Alert: This post includes details about Quix that are no longer accurate. We have a similar demo with updated information here.
We used Quix’s free plan to deliver a POC that processes millions of tweets
Twitter remains one of the best ways to take the world’s pulse on topics from Olympic sports to political activism. But analyzing millions of tweets consumes a lot of technical resources.
We took on the challenge to build a Twitter sentiment analysis tool to demonstrate just how much value you can get out of Quix’s platform with its free offering to developers. And in this blog, we broke down the costs in nitty-gritty detail so you can see what the platform costs at scale.
“Our rapid development environment enables developers and data scientists to jump straight into coding without spending more than a few seconds configuring infrastructure.”

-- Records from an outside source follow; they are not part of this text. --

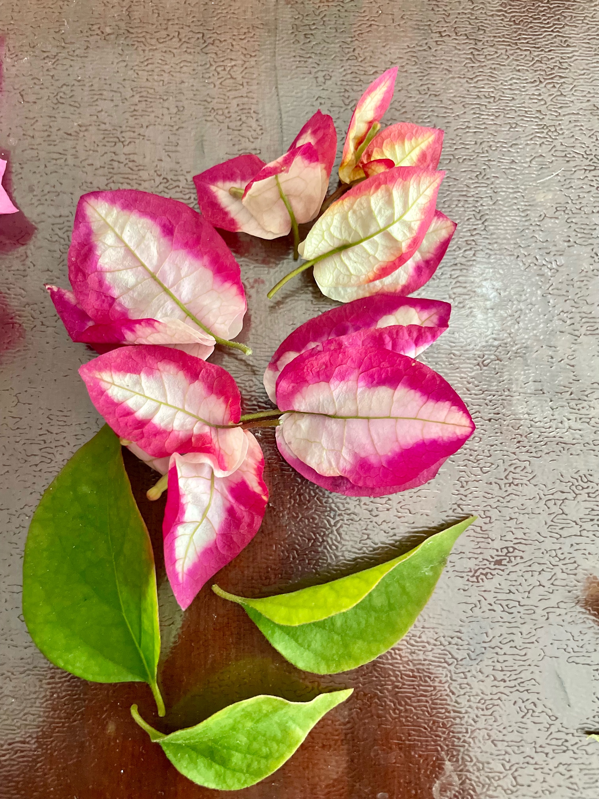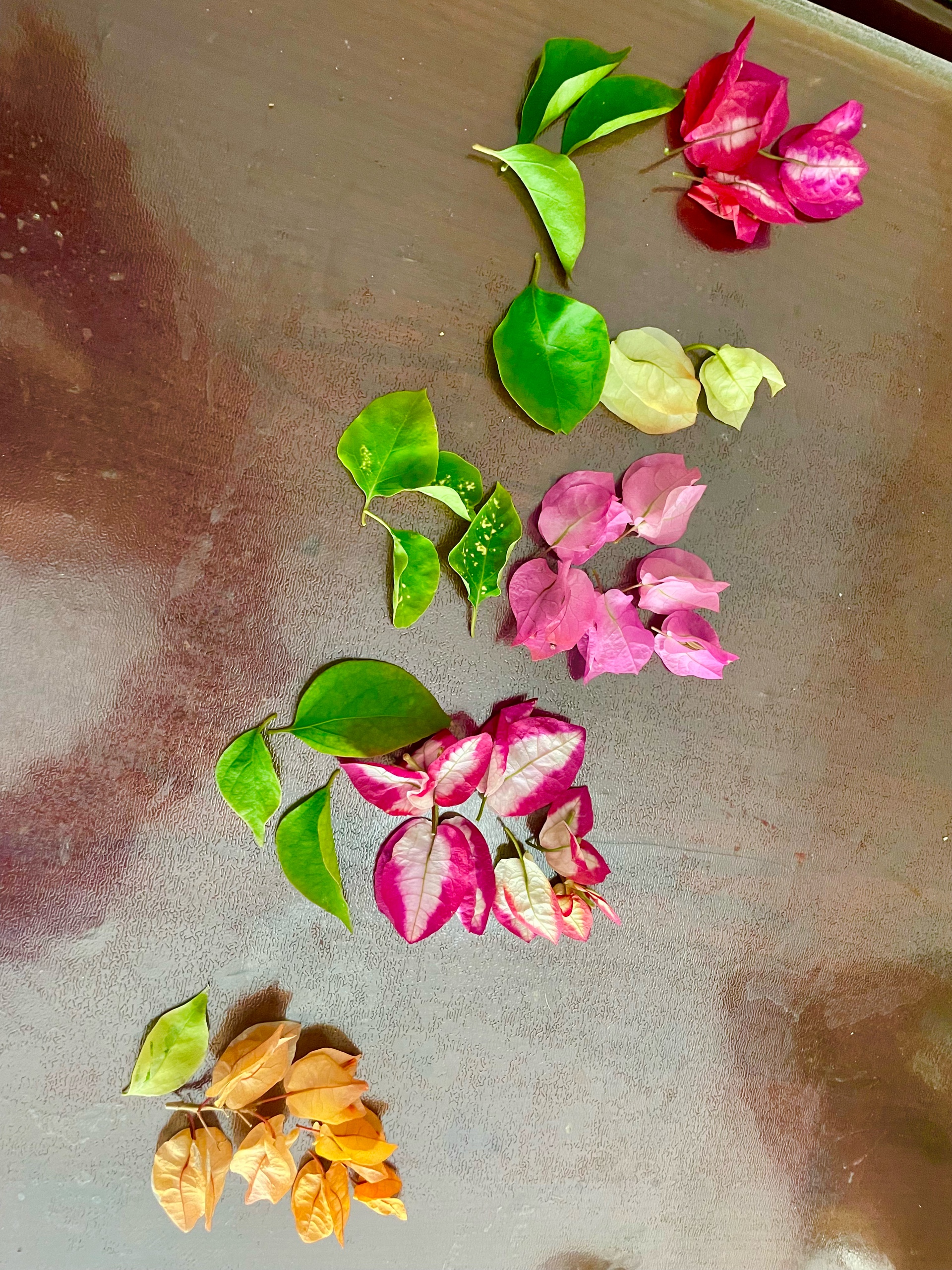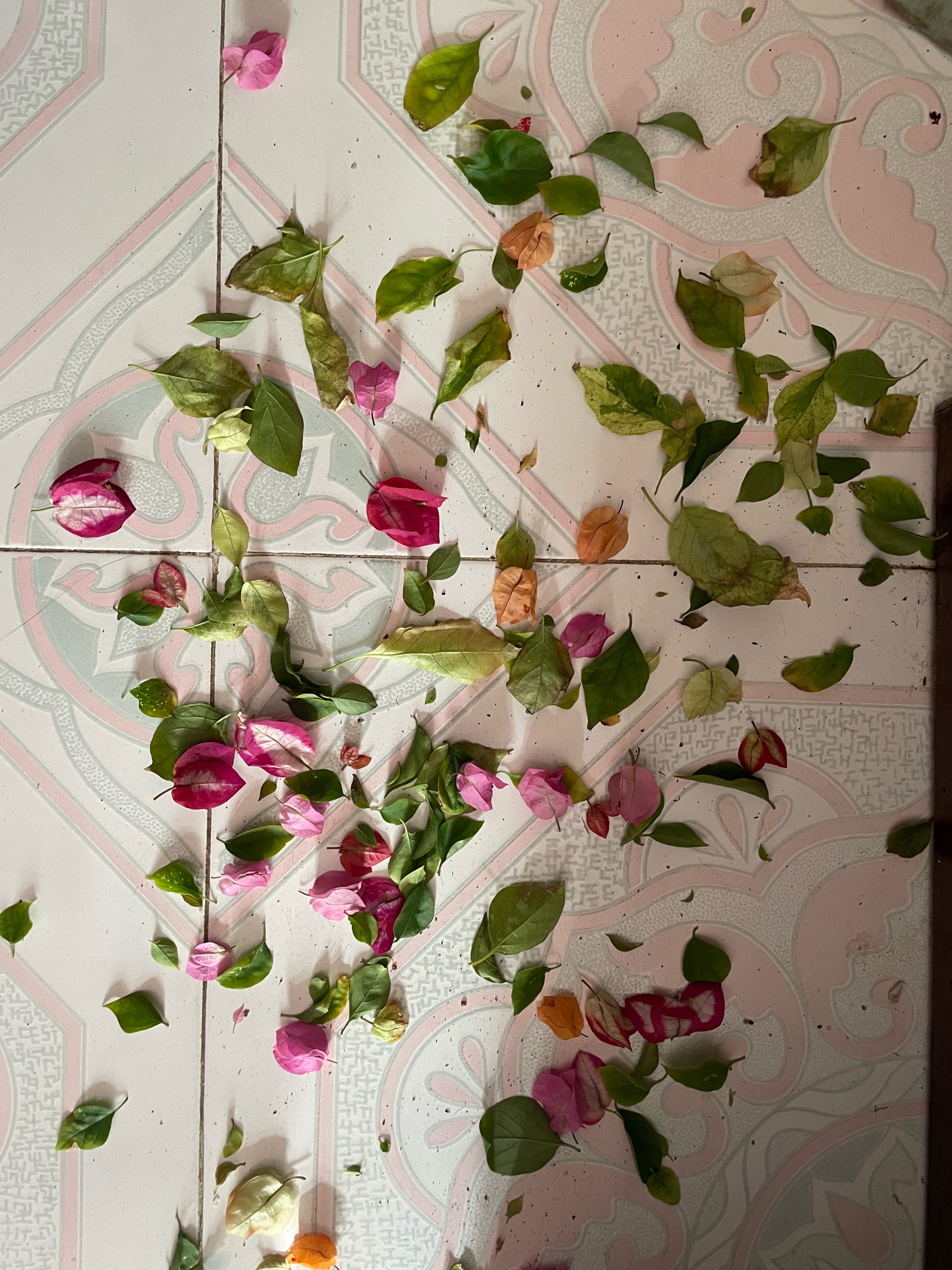 花瓣飘落,铺满地砖,粉色、白色、绿色交织,如同一幅五彩斑斓的画卷。岁月静好,享受这一刻的美好。只是可惜了,长途运输五个稀有品种的三角梅花瓣飘落,铺满地砖,绿叶点缀,粉色、白色、橘色交相辉映,如诗如画。岁月静好,享受这一刻的美好。由于长途跋涉,运到我家来,这五颗三角梅几乎都成光杆儿了。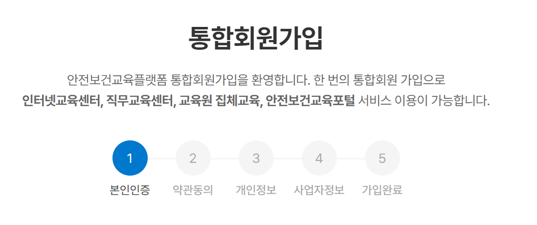 안전보건교육플랫폼의 통합회원가입은 한 번의 절차로 다양한 서비스를 편리하게 이용할 수 있게 해줍니다. 사용자는 먼저 본인을 인증하고, 이어서 서비스 이용 약관에 동의해야 합니다. 그리고 개인정보를 입력하고, 기업 또는 기관 회원으로 가입하기 위해서는 사업자 정보를 제공해야 합니다. 이 모든 과정을 완료하면 사용자는 안전보건교육플랫폼의 회원으로 등록되며, 교육 및 안전보건 서비스를 자유롭게 이용할 수 있습니다.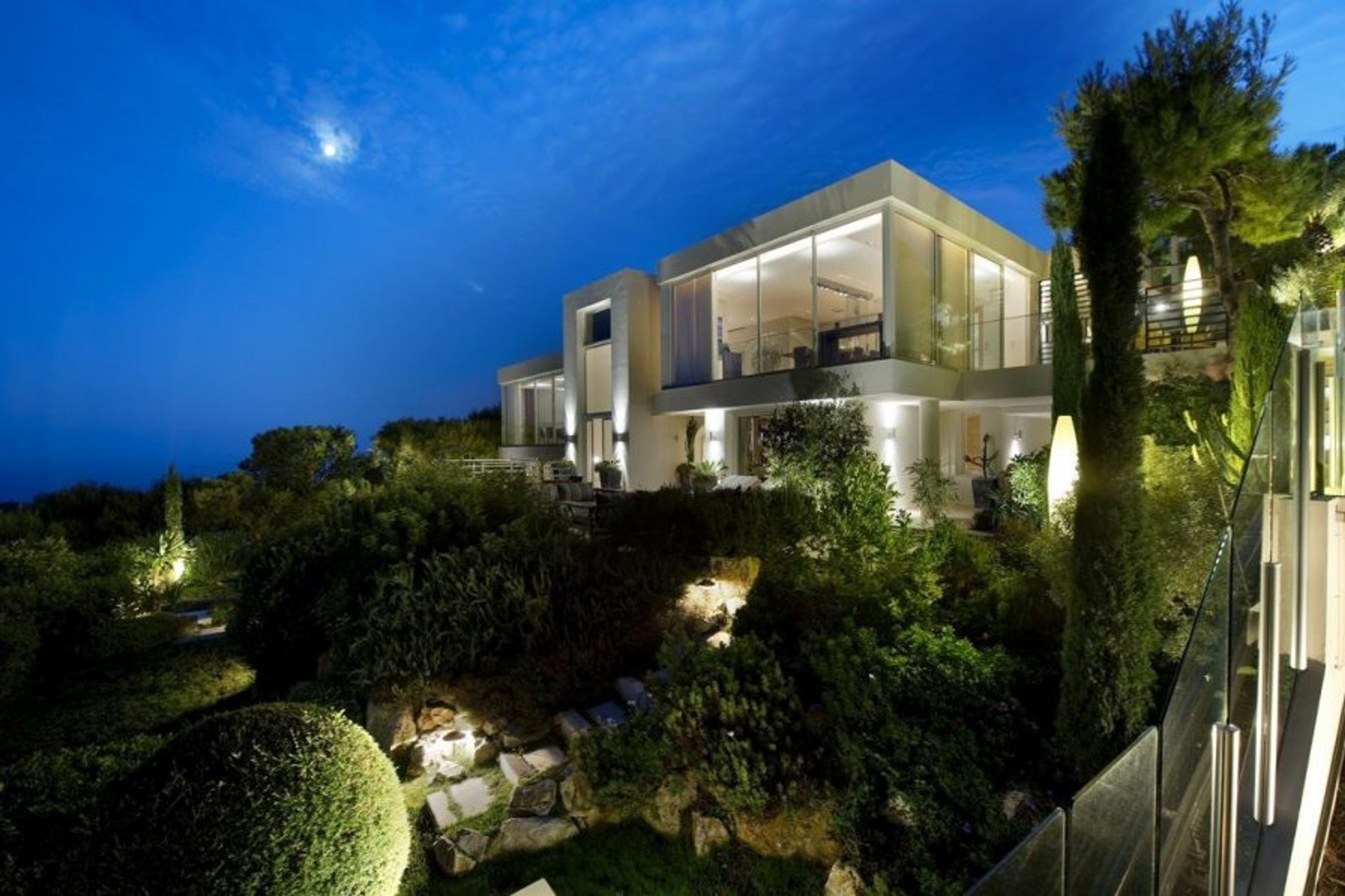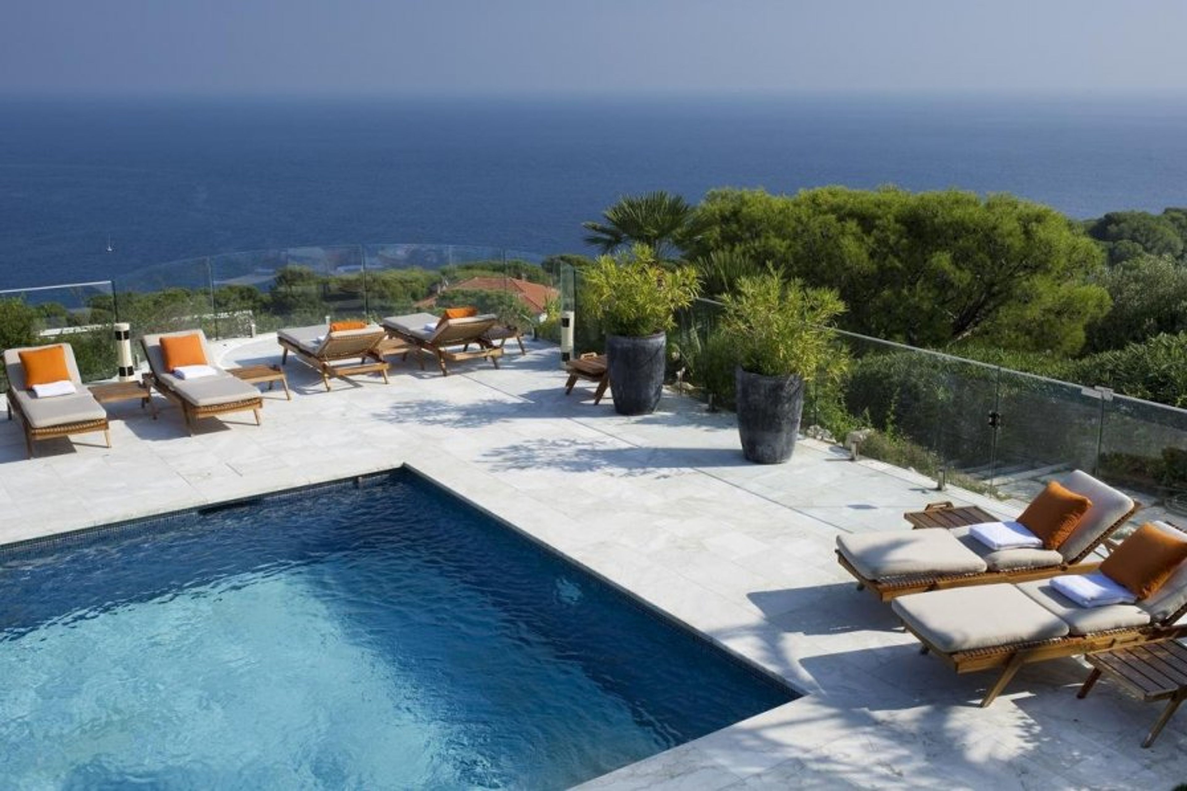 In the prestigious setting of the Cap Ferrat peninsula, between Nice and Monaco, it exudes luxury in so many ways. Start off at the very top by the glorious heated swimming pool with extraordinary vistas of the sea and ample space to relax with sun-loungers and a cooling mist system. Wander down the steps (or take the outdoor lift) to the architecturally striking villa and be amazed by the sumptuous lounge with floor to ceiling windows and the raised dining room looking straight out to sea.
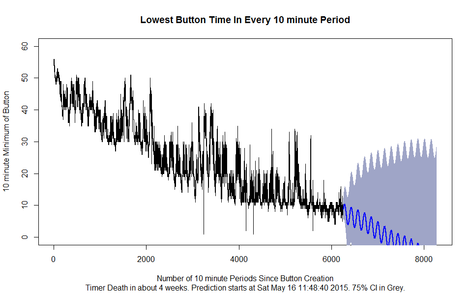 Out of the grey collection of possible futures highlighted, it looks like button is declining steadily, the general future looks rather grim. The upper line of the grey 75% confidence interval is below 30 seconds, suggests that the timer will not be kept at over half for a full 10 minutes ever again. [This prediction did not end up to be true.] I note that the existence of a good forecast means that the red guard can simply pay extra close attention to the period in which they think it will end, and this forecast might actually extend the life of the button. Maybe.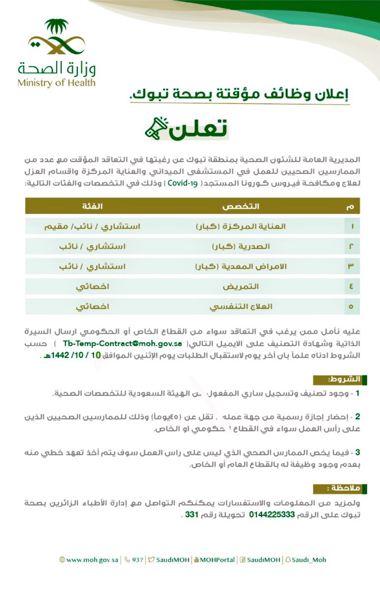 أعلنت المديرية العامة للشئون الصحية بمنطقة تبوك عن رغبتها في التعاقد المؤقت مع عدد من الممارسين الصحيين للعمل في المستشفى الميداني والعناية المركزة وأقسام العزل لعلاج ومكافحة فيروس كورونا المستجد (19-Covid)، وذلك وفقاً للتفاصيل الموضحة أدناه.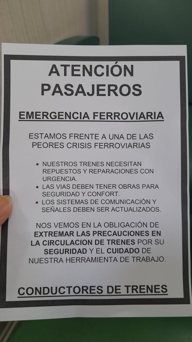 Conjuntamente, varios trabajadores ferroviarios repartieron volantes en varias de las estaciones cabecera que explicaban la decisión en una de las "peores crisis" que el sector atravesó en mucho tiempo: "Nuestras formaciones necesitan repuestos y reparaciones con urgencia. Las vías deben tener obras para seguridad y confort. Los sistemas de comunicación y señales deben ser actualizados".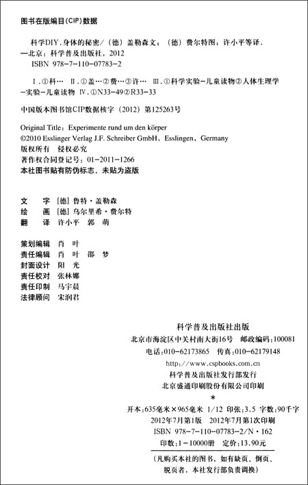 把科技馆带回家·科学DIY:身体的秘密》内容简介:你曾经头朝下喝过水吗?你测量过指甲的长度吗?鸡皮疙瘩是怎样产生的?在这本有趣的关于“身体”的实验书里,给你讲解了,怎样用很简单的材料来探索和揭示这一切。很多实验材料你家中就有——马上开始工作吧!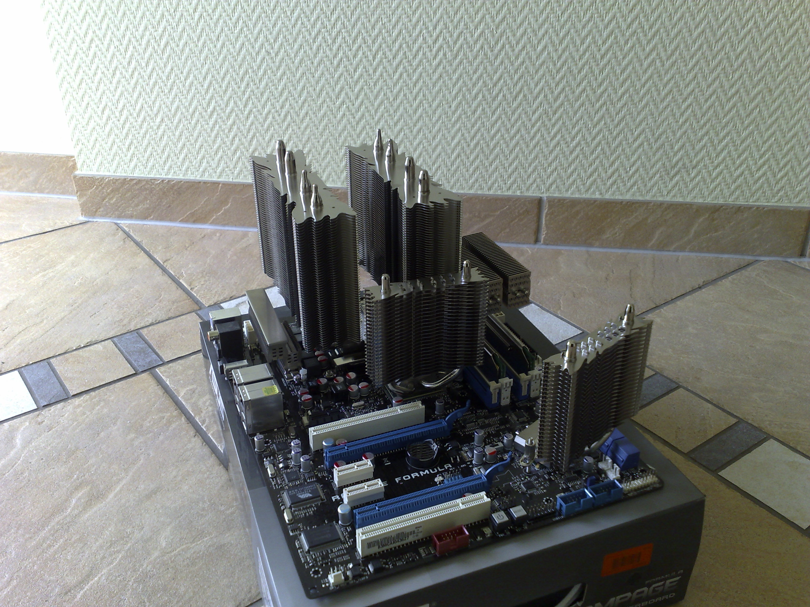 Der HR-10 passt schon lange nicht mehr in einige Gehäuse. Jedoch schien er etwas zu kühlen, da damals (775 mit GA-EP35-DS4 mit Kupferheatpipes im alten Golden Field-Gehäuse (NT oben)) Kondenswasserreste (meine Annahme) auf der Boardrückseite entstanden.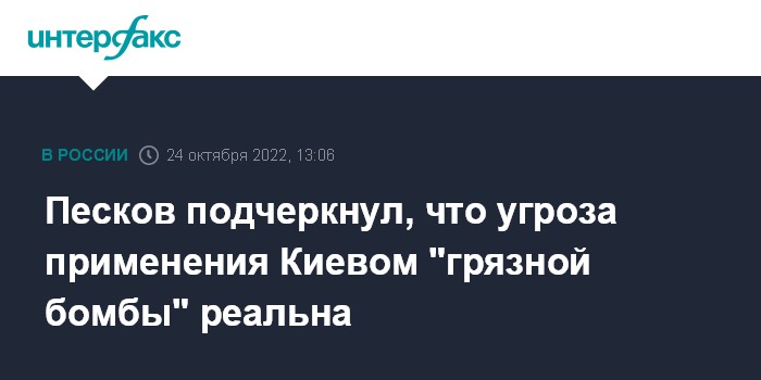 Москва. 24 октября. INTERFAX.RU - В Кремле заявили, что угроза применения Киевом "грязной бомбы" реальна, и дело США, Великобритании и Франции верить в нее или нет.

Quix is a complete streaming data platform that helps build real-time data-driven products faster and more efficiently than self-building infrastructure. Our rapid development environment enables developers and data scientists to jump straight into coding without configuring infrastructure for a few seconds. Quix includes:
- a serverless and managed Kafka for building scalable and reusable pipelines
- a serverless and managed compute environment for executing code
- a managed metadata catalog for recording data streams in your business context
- a simple, efficient client library supporting native Python and DataFrames
- extensive APIs to connect to your data sources and sinks
- software to support the application development lifecycle
As a developer-first platform, we offer a free account so you can kick the tires without having to input credit card details. The free account includes 200 credits (worth $20) that renew every month. This allows you to build a solution and keep it running.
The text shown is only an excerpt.